In Execute phase, user process sends the records to the corresponding users.
In Close phase the opened cursor will be closed and temporary memory will be
released.

The following points are to be noted, when you write SQL statements.
# When you write conditions that compare columns with constants, wherever
possible, don't use expressions.
Eg:
Sal>(24000/12) - Not optimized
Sal >2000 - Optimized

# While using LIKE operator, if you are not using wildcards, then don't use
LIKE. Use equality operator instead.
Eg.
desig Like 'DBA' - Not optimized
desig='DBA' - Optimized
desig like 'DB%' - Correct. But if you know the full string, better to use
it.

# When the number of condition in IN operator is less, use OR and =
operator
Eg.
WHERE dno IN (10,20,30) - Not optimized
dno=10 OR dno=20 OR dno=30 - Optimized.

#When you use ANY or ALL or BETWEEN operators, the query optimizer expands
the condition .So, it's better that you expand the condition as far as
possible using OR operator .
Eg.1
Where Sal=ANY(5000,6000) - Not optimized
Where sal=5000 OR sal=6000 - Optimized
Eg2.
Where sal >ALL(5000,6000) - Not optimized
Where sal >5000 AND sal>6000 - Optimized
Eg3.
Where sal BETWEEN 2000 AND 5000 - Not optimized
Where sal >=2000 AND sal<=5000 - Optimized

# Try to avoid using the NOT logical operator as far as possible.

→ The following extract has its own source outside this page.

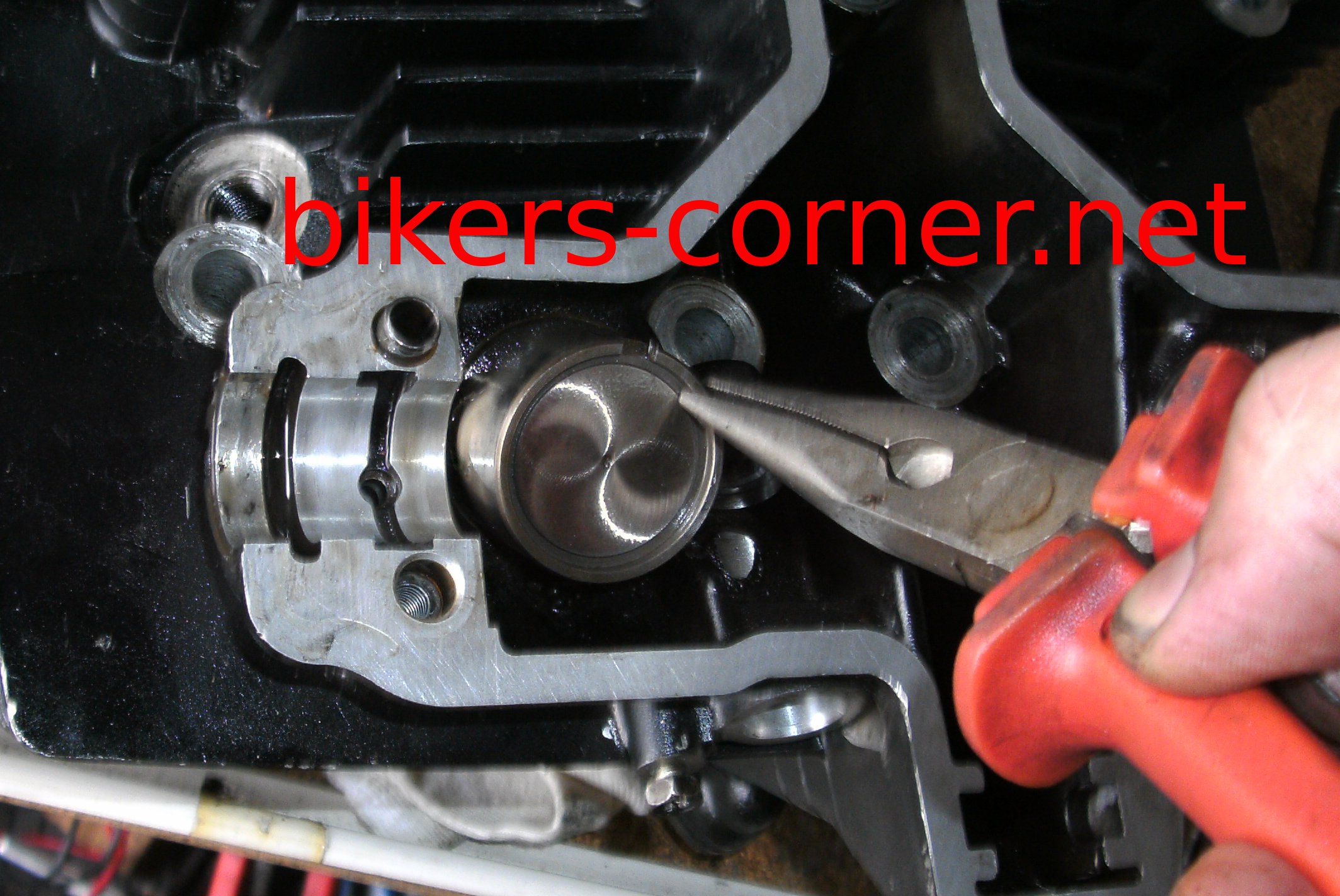 Die Kolben haben auf ihrer Oberseite einen Pfeil, dieser muss noch vorne zeigen. Den Clip montiert man am besten auf der Seite, die zur Steuerkette zeigt. Dazu eine Seite des Clips in die Aussparrung im Kolben setzen und andere Seite eindrücken. Den Clip nicht zu weit zusammenbiegen! Er rastet hörbar ein. Arbeitsgang am zweiten Kolben wiederholen.

Use <> or
!= or ^= relational operators instead.
Eg.
NOT dno = (SELECT dno FROM emp WHERE ename = 'TAYLOR') - Not optimized
deptno <> (SELECT deptno FROM emp WHERE ename = 'TAYLOR') - Optimized

# If your WHERE conditions have more OR operators, then you have to rewrite
the query with SET operators because SET operators execute more efficiently
then OR (Relational Operators).
Eg.
SELECT * FROM emp WHERE job = 'CLERK' OR deptno = 10; - Not optimized

SELECT * FROM emp WHERE job = 'CLERK'
UNION ALL SELECT * FROM emp WHERE deptno = 10 AND job <> 'CLERK';
(Make sure you are having INDEX) - Optimized

# Complex queries have to be changed to join.
Eg.
SELECT * FROM accounts WHERE custno
IN (SELECT custno FROM customers); - Not optimized
SELECT accounts.* FROM accounts, customers
WHERE accounts.custno = customers.custno; - Optimized
(Make sure 'custno' column is the primary key or indexed.)

Optimizer Modes
There are three types of optimizer modes.
1. CHOOSE (Default).
2. COST (Using Resource cost)
3. RULE (Using Access path)

Default optimizer mode is CHOOSE, now Oracle check recourse to set cost
based mode if you are not enabled resource_limit It will set rule based
optimizer mode.

When you set COST based optimizer mode, Oracle considers only CPU resource.
Eg.
Logical reads per call
Logical reads per session
CPU per session
And etc. But you have to set recourse_limit=true in init parameter file to
set cost based optimizer mode.

When you set RULE based optimizer mode, Oracle will never worry about COST
(means resource or I/O cost). It will search the records through the Access
paths. Oracle maintains 15 access paths for each search. Each of these paths
are explained below with the corresponding rank associated with it. Among
these paths, Oracle tries to apply the least rank of the path as possible.
Your queries should apply the least rank of path.


Note:
If you are not able to understand the access path properly, send mail to me.
Why, because unless you are clear with access path, you can't tune SQL
queries those are using RULE based optimizer mode.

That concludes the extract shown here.